Beta vs. Buffett: Round 2

An old equity research piece from CSFB analyzes the usefulness of Beta vs. Margin of Safety. The conclusion they reach is not all that earth shattering: beta is a useful measure of riskiness over the short term, and probably is not over the longer term. I think Buffett would agree with that, and may even have said as much.

What is interesting is that they run the numbers on Buffett's go-to Washington Post example (ie. Washington Post stock got hammered, the beta went up (suggesting the stock was more risky) the actual value of the company remained the same, so the stock was actually less risky). They find that Washinton Post's beta actually decreased during that time period. Doesn't really change the usefulness or validity of Buffett's argument, but interesting read nonetheless.

Sunday, August 07, 2005

The pot starts to simmer

Things getting a little steamier over in Omaha with Mr. Buffett's subsidiaries now getting the fine-tooth comb on the finite insurance problem. Q: How to spend a lot of time not creating shareholder value? A: Endless meetings with regulators. He must be getting tired of it. Story here.

2Q numbers out on Friday, here. Of note, his foreign currency contracts, on which he says the following:
Gains and losses from foreign currency contracts arise as the value of the U.S. dollar changes against certain foreign currencies. Small changes in certain foreign currency exchange rates can produce material changes in the fair value of these contracts given the large net notional value of Berkshire’s open contracts ($21.5 billion as of June 30, 2005) and consequently, may produce exceptional volatility in reported earnings in a given period. Berkshire’s open contracts at June 30, 2005 reflect a net pre-tax loss of $71 million. During the first six months of 2005, the value of most foreign currencies decreased relative to the U.S. dollar. Thus, forward contracts produced pre-tax losses of $619 million for the second quarter and $926 million for the first six months. Berkshire first began “shorting” the U.S. dollar in 2002 and since inception in 2002 through June 30, 2005, has recognized pre-tax gains of $2.03 billion from forward currency forward contracts and has received $2.10 billion from counterparties in cash.

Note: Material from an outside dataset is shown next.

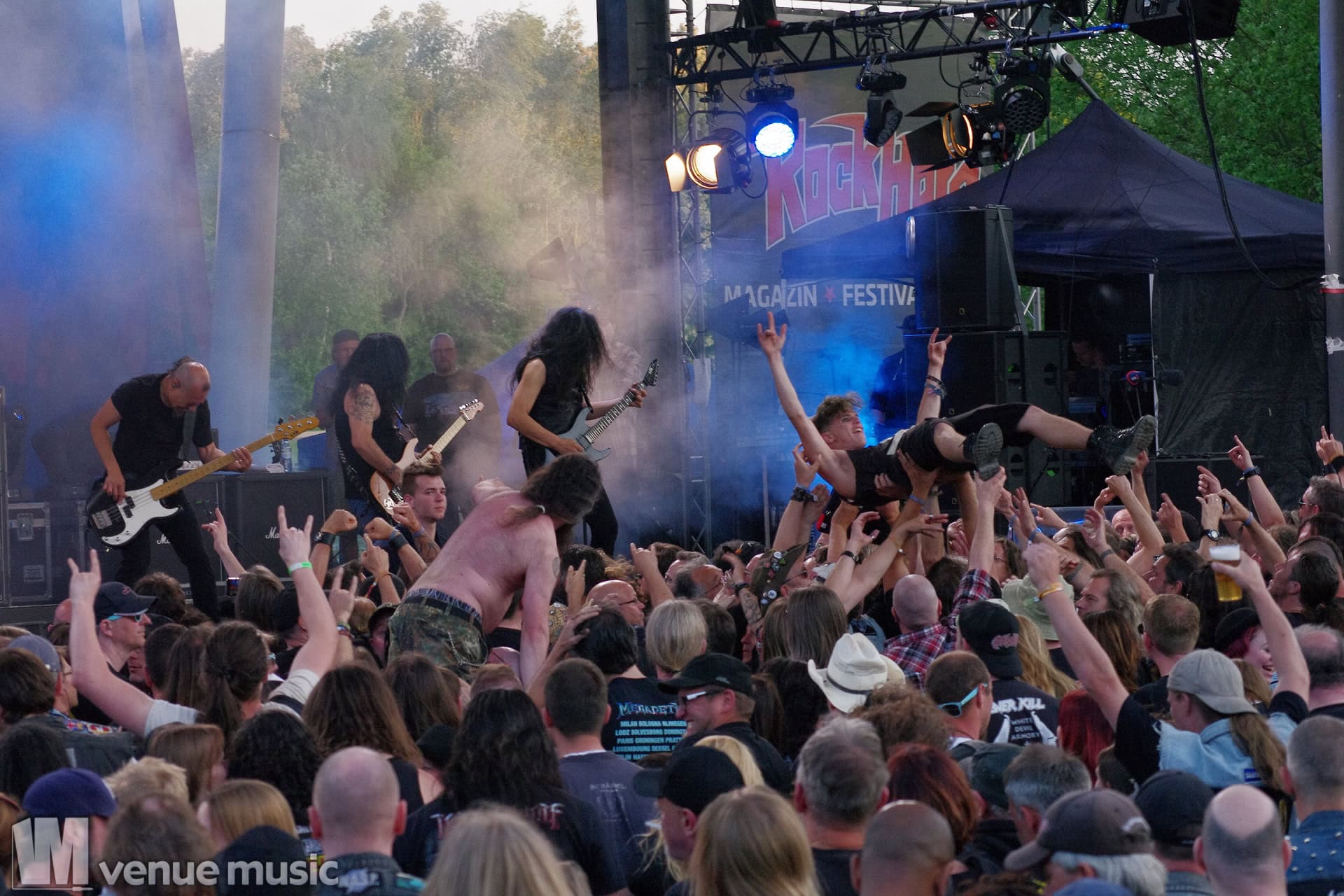 Auch Armored Saint hatten sichtlich Spaß bei ihrem Auftritt, die Zahl der Crowdsurfer stieg deutlich an, so bekam die bis dahin unterbeschäftigte Security endlich etwas zu tun. In ihrem Set hatten die Kalifornier Songs, die schon lange nicht mehr live gespielt wurden, wie „Spineless“ und „On the Way“. So bekamen die Fans echte Raritäten und Leckerbissen zu hören. Vor der Bühne wurde es zusehends voller und die Energie der Band übertrug sich auf das Publikum.

Shareholders would have lost less money if the positions weren't on in the last 6 months, but the currency market rumors of closeouts were spurious. I suspect he's going to be getting a few more tbills under ISDA netting from his counterparties over the next 6 months.

Wednesday, August 03, 2005

Buffett & Charlie Rose, and Munger

If you are keen for the Buffett interview with Charlie Rose, here it is.

A great note on Munger and his new book by fan Whitney Tilson, here, including a link to his economics speech at UCSB which is fascinating, here, and should be required reading at every MBA econ class (hint hint Professor Rayo).

Another burial of a normal American, and millions are left to an educational institution as a result of holding Berkshire. Gotta love compounding. Buffett must love reading these, here.

Monday, August 01, 2005

Google, More Shareholder Letters, and Payday Lending...

I try to shy away from most Google discussions. Yes, it's a good service. And the company may even stick around for a while. But anyone that tries to persuade me that declaring a stock split will drive value for owners, is mistaken. Now I can at least point to an article on it. It's available here.

Also, for those of you that enjoy Warren's letters, here's a link to Leucadia National's Shareholder Letters.... and Marty Whitman at Third Avenue Funds recently made the second quarter letter available.

Finally, a good article on Wells Fargo, it's CEO, and on the highly profitable payday-lending business.